We  started off with the idea of the argument between Craig and Rick building through small jibes and stressful questions from Craig, eventually ending with them having full scale conflict, however we felt that this didn't show their actual friendship very well. Rick does like Craig, he's just worried about his family and work back at home, and we didn't want it to appear like he "had it out" for Craig. We also thought of starting with everyone in full scale conflict and arguing at the beginning of the excerpt, however we didn't think it was in the girl's nature to argue, especially since both Vera and Xanthe just want everyone to get along.
One of my ideas was that perhaps Xanthe could actually join in the argument, but the group decided that since she is in the middle of clinical depression she would neither have the energy or the emotional "charge" to be bothered with conflict but she is also there trying to feel something or find some sort of happiness, so she would just want everyone to get along.
We liked the idea that we should all begin to talk however, using subtle stage directions such as the poker game to give the group something to do and show their boredom, and the alcohol to highlight the personal troubles that both Paige and Xanthe are going through.

Notes

It is shown that in the piece Xanthe has an alcohol dependency and I began to reflect on how she feels about it.
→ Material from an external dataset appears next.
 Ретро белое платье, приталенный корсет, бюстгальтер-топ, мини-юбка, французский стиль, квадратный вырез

Would she show it? I think that Xanthe isn't hoping anyone will notice, when Craig asks what she's drinking I am playing her looking like a fox caught in headlights. She doesn't want to trouble anyone so she brushes it off laughing and offers him a drink. She and Jade are both drinking buddies, however Xanthe uses this as more of a front, and excuse to drink without it being questioned. 
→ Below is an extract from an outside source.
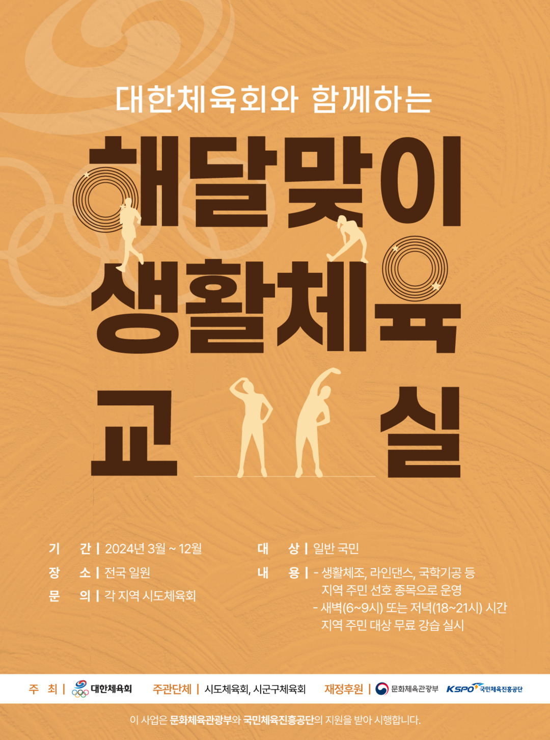 지난 4월 경남을 시작으로 5월 첫 주까지 17개 시·도체육회에서 교실 선정이 완료되어 올해 12월까지 개소별로 주 5일 134회 수업을 진행한다. 체육 분야 전문 지도자 자격을 보유한 생활체육지도자가 생활체조, 댄스 등 강습을 운영하며 참여자들은 이를 통해 스트레스 해소, 근력 강화 등 건강 증진을 기대할 수 있다. 별도의 신청 없이 남녀노소 누구나 수업 장소를 방문하여 무료로 참여 가능하다.

Another question that I asked myself was whether she was a peacemaker. It's not in Xanthe's nature to try to get everyone to get along, she has no interest in it and since she's usually and outsider and a troublemaker herself it's a bit self contradictory. However, there is a line where she refers to the group as some of the people she loves most in the world. She might consider this as a last ditch attempt at finding happiness or meaning in her life, and the trip most definitely means more to her than to some of the others.
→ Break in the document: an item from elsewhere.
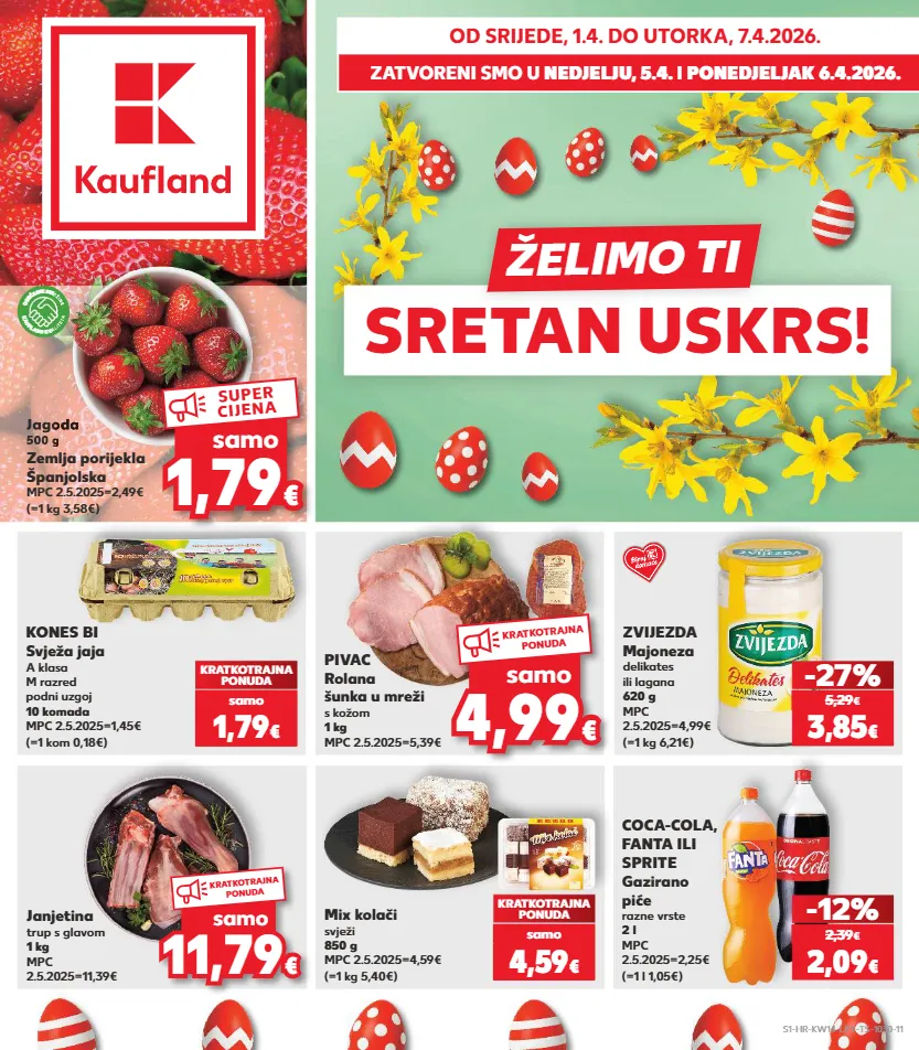 kratkotrajna ponuda kratkotrajna ponuda samo samo samo samo od srijede, 1.4. do utorka, 7.4.2026. zatvoreni smo u nedjelju, 5.4. i ponedjeljak 6.4.2026. zvijezda majoneza delikates ili lagana 620 g mpc 2.5.2025=4,99€ (=1 kg 6,21€) janjetina trup s glavom 1 kg mpc 2.5.2025=11,39€ coca-cola, fanta ili sprite gazirano piće razne vrste 2 l mpc 2.5.2025=2,25€ (=1 l 1,05€) -27% -12% kratkotrajna ponuda 1,79 € (=1 kom 0,18€) kones bi svježa jaja a klasa m razred podni uzgoj 10 komada mpc 2.5.2025=1,45€ kratkotrajna ponuda 3,85 € 5,29 € 2,09 € 2,39 € pivac rolana šunka u mreži s kožom 1 kg mpc 2.5.2025=5,39€ samo 4,59 € samo (=1 kg 5,40€) mix kolači svježi 850 g mpc 2.5.2025=4,59€ jagoda 500 g zemlja porijekla španjolska mpc 2.5.2025=2,49€ (=1 kg 3,58€) k a u f l a n d k v a l i t e t a o b e ć a n j e s v j e ž i n e jagoda 500 g a l i t e t a t e ž i n e jagoda sretan uskrs! sretan uskrs! želimo ti 1,7 9 1,79 € € samo super cijena 11,7 9 11,79 € € samo kratkotrajna ponuda 4,99 4,99 € € samo kratkotrajna ponuda s1-hr-kw14-lft-ts-1030-11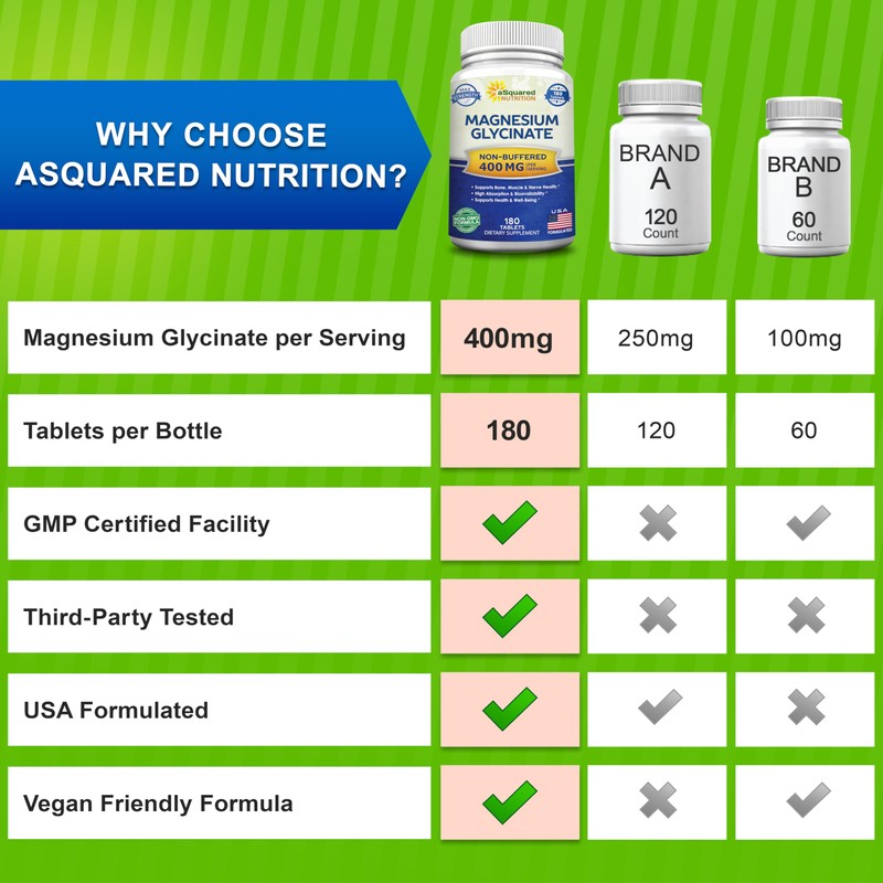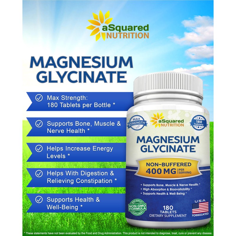 aSquared Nutrition Magnesium Glycinate 400mg - 180 Tablets - Max Strength Magnesium Bisglycinate Supplement -Maximum Bioavailability & Absorption-Non-GMO -Not Buffered-Supports Muscles, Bones & Heart

We began to question the dynamics of the group, it started out as a holiday that the best friends all go on yearly, however we decided as a group that perhaps actually they haven't even seen each other in a long time, maybe even a year. Are things still the same? Are they as close as they once were? Definitely for Rick, with his family and new job, he is beginning to move on with his life. Paige moves between friends a lot, she's definitely the least bothered about being there. Craig is delighted at the opportunity to sail, he is very attached to his friends however he, like Rick, is beginning to move on with his life and go his own way. Craig and Xanthe organised the trip, being the ones who have enough wealth and opportunity to be able to get hold of a yacht, however for Craig it's more for fun than to see his friends again, however he loves the idea of a yearly tradition where they all get to see each other again. Vera can sense that they aren't as close as they used to be, I think she is seeing this as a sort of test to see if they are as close as they once were. Xanthe feels the most strongly about them all, I think she considers them to be her foundation and she's in denial about the fact that they aren't as close as they once were, possibly why she comes over to join the argument between Craig and Rick, distraught at the appearance of cracks in the group. This will be incredibly difficult for her to come to terms with and could lead to some really interesting drama. 

I think that Heta and Jade need more dialogue, there is so much character between them that could be really fun to explore, I'd like to take time in the next session to elaborate on their characters and dialogue. I'd also like to look at why all of the group are on the trip and what they'd like to get out of it.